:: DIRECTIONS ::
Transcribe the listing verbatim. Do not carry over any pictures.

:: SOURCE DATA ::
--*--
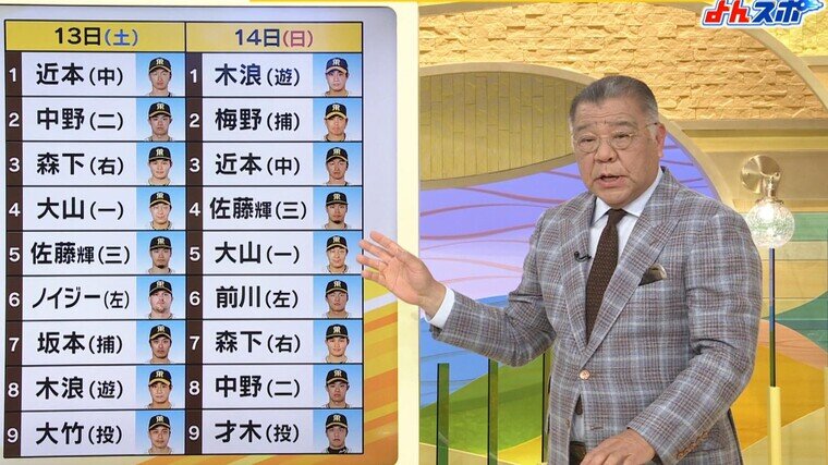 「連覇できません。仮に僕が相手のチームの監督だとすれば、阪神打線の中で一番嫌なところはどこかと言えば、1番・近本、2番・中野の1・2番なんですよ。この1・2番のバランスを崩してくれるってことは、バッテリーがやっぱりすごく楽なんです。1番で木浪が出塁しても、そんなに足が速くありませんので、仕掛けられないですよね。だからピッチャーがバッターに集中して勝負ができるランナーが1塁にいても、相手のバッテリーにプレッシャーが与えられないじゃないですか。近本・中野の1・2番は崩してはいけない打順だと思います。それともう1つ、4番に入った佐藤が14日のゲームでホームランでも打っていれば、『この打順では連覇ができない』というコメントはありませんでしたけれども、岡田監督になって初めて佐藤は4番を打った。去年、優勝を決めたときに大山は膝を崩して泣き崩れましたよね。あの4番のプレッシャーというものを佐藤は近くで見ているわけですから、自分が初めて、日本一になった翌年、岡田監督になって初めて4番を任される、これはもっと重たいものを背負って打席に立つ、そういう姿を感じさせなきゃいけないんですよ。打てなくても構わないんですが、14日の佐藤の4打席は、そういうチームの勝敗を背負う4番としての雰囲気が全くなかったんですね。そう考えると、14日の打順では僕は連覇はないと思いますので、16日の巨人戦から僕は13日の打順に戻すべきだと思います」
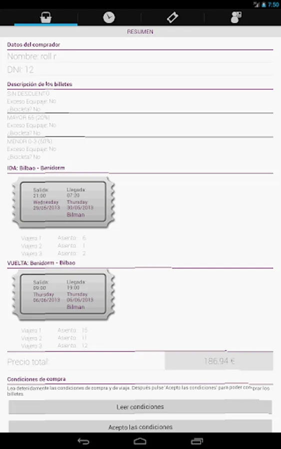 It allows the creation of users to streamline the buying process, automatically saving personal data. From this application you can view and manage all your tickets purchased, allowing to modify or annul or on the website.
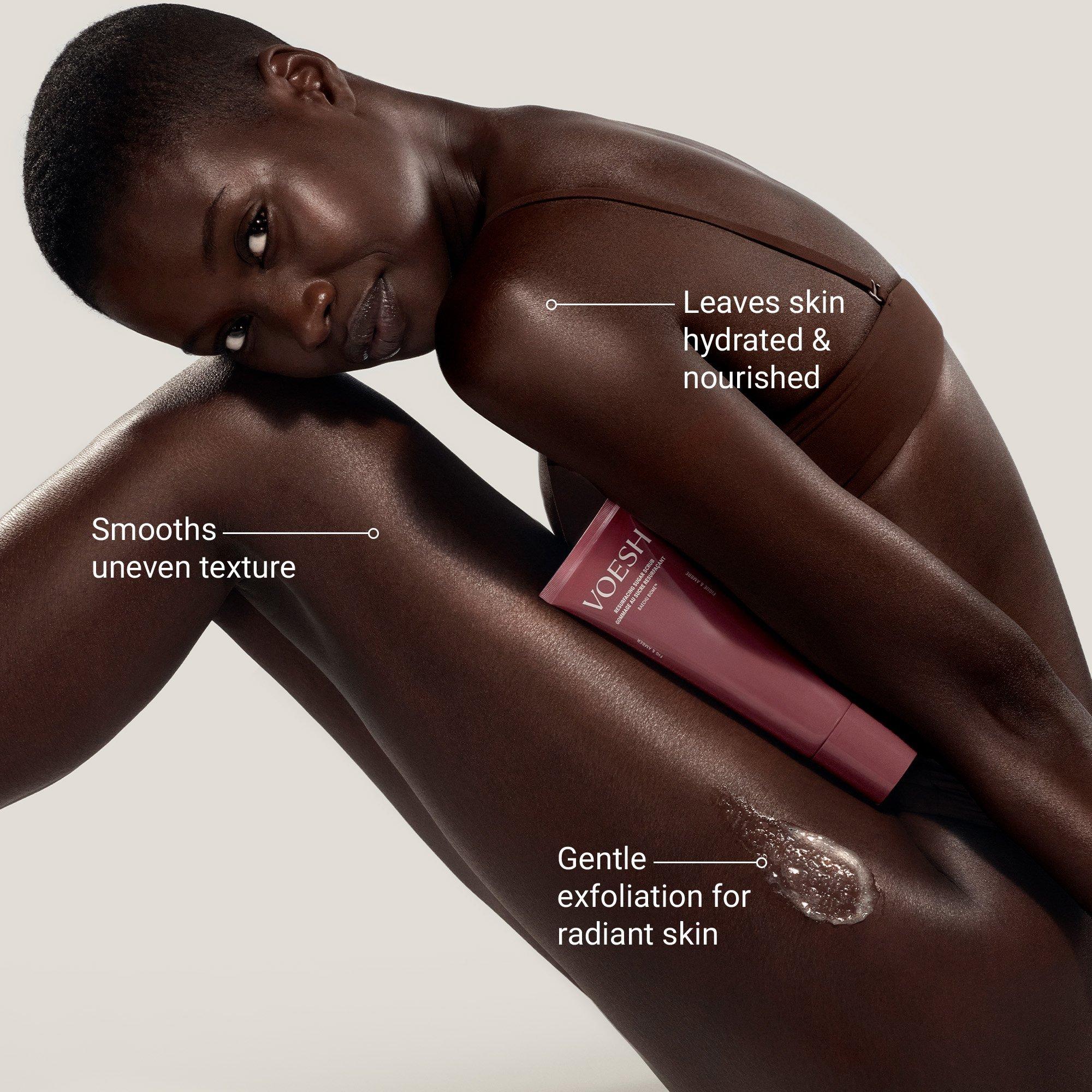 Reveal smooth, radiant skin with VOESH’s Resurfacing Sugar Scrub. Sugar, red bean, and plant AHAs exfoliate to brighten, while nourishing oils lock in lasting hydration.
--*--
:: RESULT OF THIS TASK ::
 「連覇できません。仮に僕が相手のチームの監督だとすれば、阪神打線の中で一番嫌なところはどこかと言えば、1番・近本、2番・中野の1・2番なんですよ。この1・2番のバランスを崩してくれるってことは、バッテリーがやっぱりすごく楽なんです。1番で木浪が出塁しても、そんなに足が速くありませんので、仕掛けられないですよね。だからピッチャーがバッターに集中して勝負ができるランナーが1塁にいても、相手のバッテリーにプレッシャーが与えられないじゃないですか。近本・中野の1・2番は崩してはいけない打順だと思います。それともう1つ、4番に入った佐藤が14日のゲームでホームランでも打っていれば、『この打順では連覇ができない』というコメントはありませんでしたけれども、岡田監督になって初めて佐藤は4番を打った。去年、優勝を決めたときに大山は膝を崩して泣き崩れましたよね。あの4番のプレッシャーというものを佐藤は近くで見ているわけですから、自分が初めて、日本一になった翌年、岡田監督になって初めて4番を任される、これはもっと重たいものを背負って打席に立つ、そういう姿を感じさせなきゃいけないんですよ。打てなくても構わないんですが、14日の佐藤の4打席は、そういうチームの勝敗を背負う4番としての雰囲気が全くなかったんですね。そう考えると、14日の打順では僕は連覇はないと思いますので、16日の巨人戦から僕は13日の打順に戻すべきだと思います」
 It allows the creation of users to streamline the buying process, automatically saving personal data. From this application you can view and manage all your tickets purchased, allowing to modify or annul or on the website.
 Reveal smooth, radiant skin with VOESH’s Resurfacing Sugar Scrub. Sugar, red bean, and plant AHAs exfoliate to brighten, while nourishing oils lock in lasting hydration.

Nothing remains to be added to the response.